The Commodity of Quiet

This past summer we spent three straight days in Disneyland with Becca’s side of the family.  As was expected we had a blast and are already looking forward to going back this coming summer.  Though, there’s something that has stayed with me since we left the parks.  It was the quiet that we encountered when we got back to Becca’s parents house after the three days of madness.  It hit me then how overstimulating Disneyland is from the amount of people to the subtle background music to the full on in your face imagery like fireworks, parades, and Disney characters.  The quiet that we encountered after this was incredibly refreshing and much needed.  Though, I didn’t realize how much I needed it until I was completely out of the Disney environment.

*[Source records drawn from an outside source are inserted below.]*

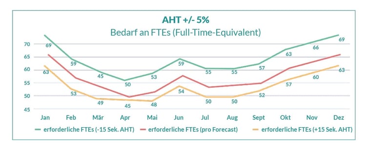 In unserem Beispiel gehen in einem Contact Center durchschnittlich 95.000 Anrufe pro Monat mit einer 5-minütigen Bearbeitungszeit und einem angestrebten Service Level von 80/30 ein. Wenn die AHT im Vergleich zum Forecast um nur 5 % steigt oder sinkt, kann dies eine Schwankung des Bedarfs von 6 FTEs (Full Time Equivalents, zu deutsch: Vollzeitkräfte) zur Folge haben. Im Kontext betrachtet: Rechnest Du noch die Shrinkage hinzu, werden aus den 6 FTEs schnell 10 FTEs. Die finanziellen Auswirkungen sind sogar noch höher, weil neben den zusätzlichen Gehältern noch Lohnnebenkosten anfallen.
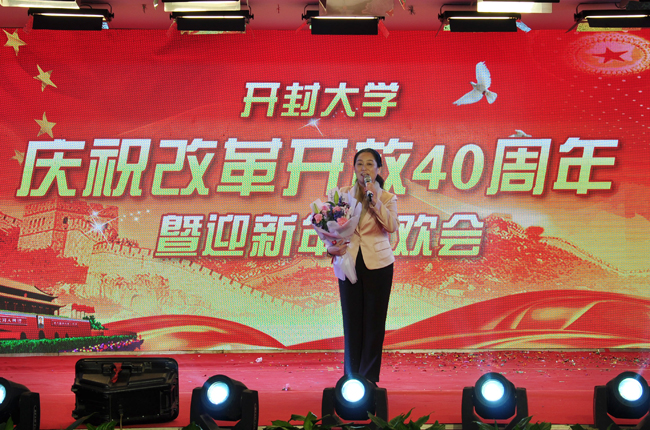 校党委书记陈灿在联欢会上致辞,她代表学校党委向全校师生、离退休老同志表示了问候和祝福。陈书记表示,2018年全体开大人以习近平新时代中国特色社会主义思想为指引,全面贯彻党的十九大精神和全国教育大会精神,不驰于空想、不骛于虚声,聚力攻坚,踏实奋斗,浓墨重彩地书写了学校各项事业发展的奋进之笔,展望2019年,面对高等教育千帆竞发、百舸争流的态势,面对不进则退、慢进亦退的严峻挑战,衷心希望全校师生同心同德、迎难而上,用奉献诠释责任、用担当托举梦想,力争以更优异的成绩向中华人民共和国成立70周年献礼,用今天的行动浇筑开大明天的辉煌。
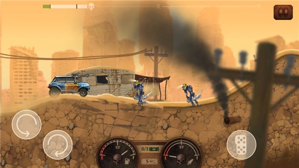 3、当当前车辆无法使用时,可切换至第二辆车,先将其汽油加满,随后持续按住右侧按钮向前行驶撞击僵尸。
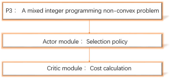 After the AC selection scheme is obtained via an actor module, P3 becomes the solvable problem P4. We substitute the AC selection scheme into the P4 problem to calculate the cost to judge the quality of the scheme. We call it the critic module. The critic module we use only needs to analyze and solve the cost problem to make an accurate evaluation.Then, a small number of comparisons can complete the optimization goal. Compared with traditional critic module, there is no need to compare many value functions, and the small error brought by the value function does not affect the system. The two modules obtained repeatedly and alternately to adapt to the change in the environment are called the AC selection algorithm. The common use of the actor module and the critic module makes the updating of the actions of the edge system more accurate and faster than other DRL methods.
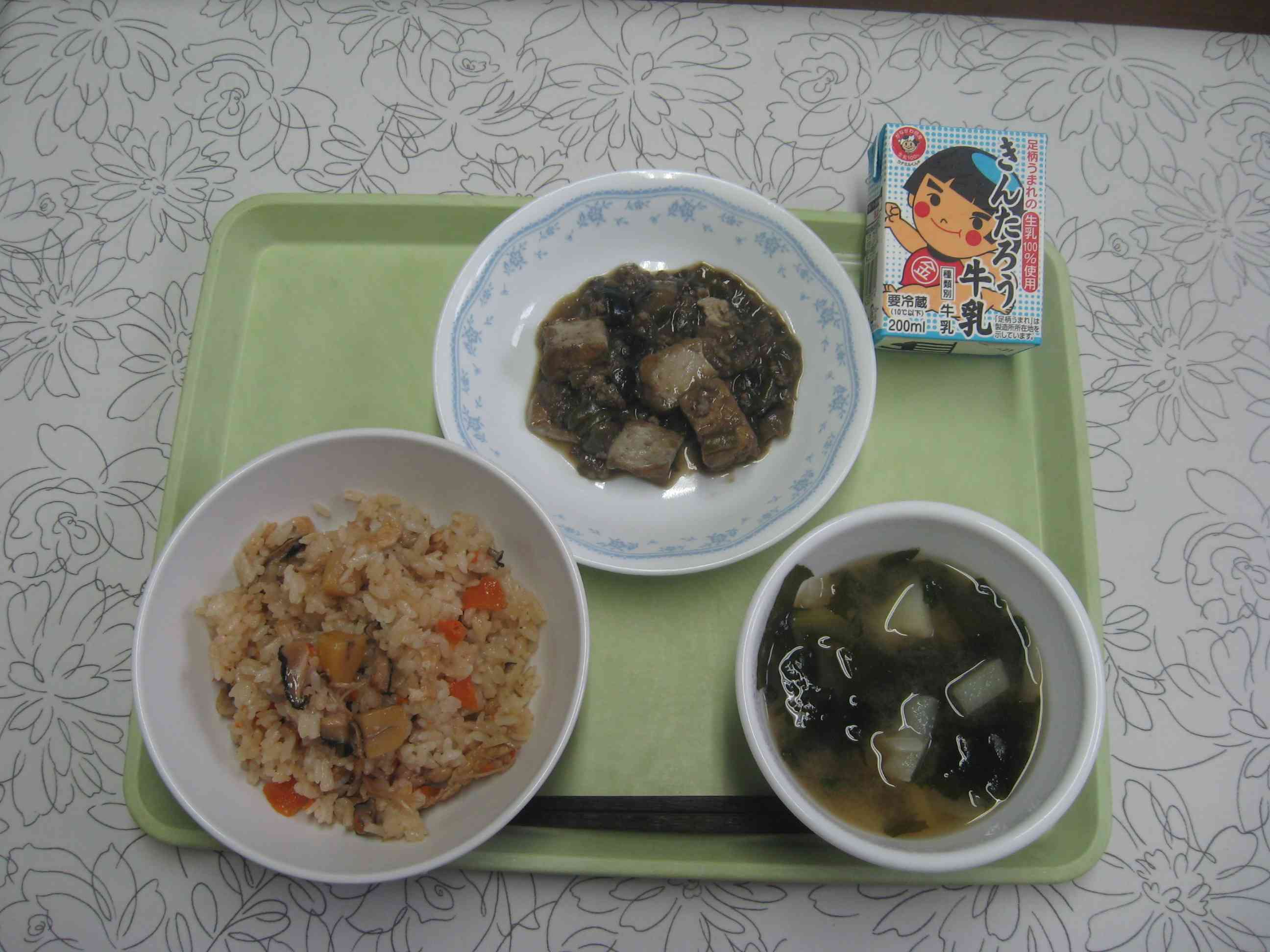 【今日のメニュー】 秋いっぱいご飯(炊き込みおこわ)、生揚げのピリ辛炒め、ジャガイモの味噌汁、牛乳 【栄養教諭から】 今日は、秋がいっぱい入った炊き込みおこわです。しいたけ、えのき、しめじ、そして栗が入っています。きのこ類を入れるとうま味がアップするのですが、残念ながら苦手な子も多い食材です。食物繊維も豊富で食べてほしい食材なので、子ども達の食べやすい調理方法を日々試行錯誤中です。

I’ve seen messages that emphasize that the church should glean something from Disney in regards to the way in which they can hold people’s attention.  This point is well taken, especially as it relates to the art of preaching.  But I confess I don’t want my attention held, I want it to disappear in God.  I’d rather have quiet.  It seems like that’s a dangerous commodity these days.  Quiet, that is.  I know, it is a little weird referring to it as a commodity but I’ve got a 3 year old and a 1 year old.  In my world it really seems like it’s something I must trade and invest in given how little of it there is.

Quiet and stillness are truly countercultural in a culture that runs on production and consumption and wears busyness as a badge of honor.  To be quiet, to take a step back means to be missing out on something of importance.  For only the important are out there because they worked hard to get noticed.  They produced and have thereby been rewarded.  It’s fascinating, you know?  We consume never to be satisfied, only to move on to the next thing.  We spend hours Tweeting, sharing, liking and updating only to be more miserable than before.  Yet we continue on like the hardest worker in the world; the junkie.  Motivated by the next hit of dopamine.

And oddly, we already have what we need.  We just struggle to realize it.  Is that not the problem that compels the person to become a junkie, to go looking for more?  I lack, therefore I must fill.  But with what?  Noise?  Distraction? Maybe Jung was right about us after all when he wrote,

“People will do anything no matter how absurd to avoid facing their own psyches.”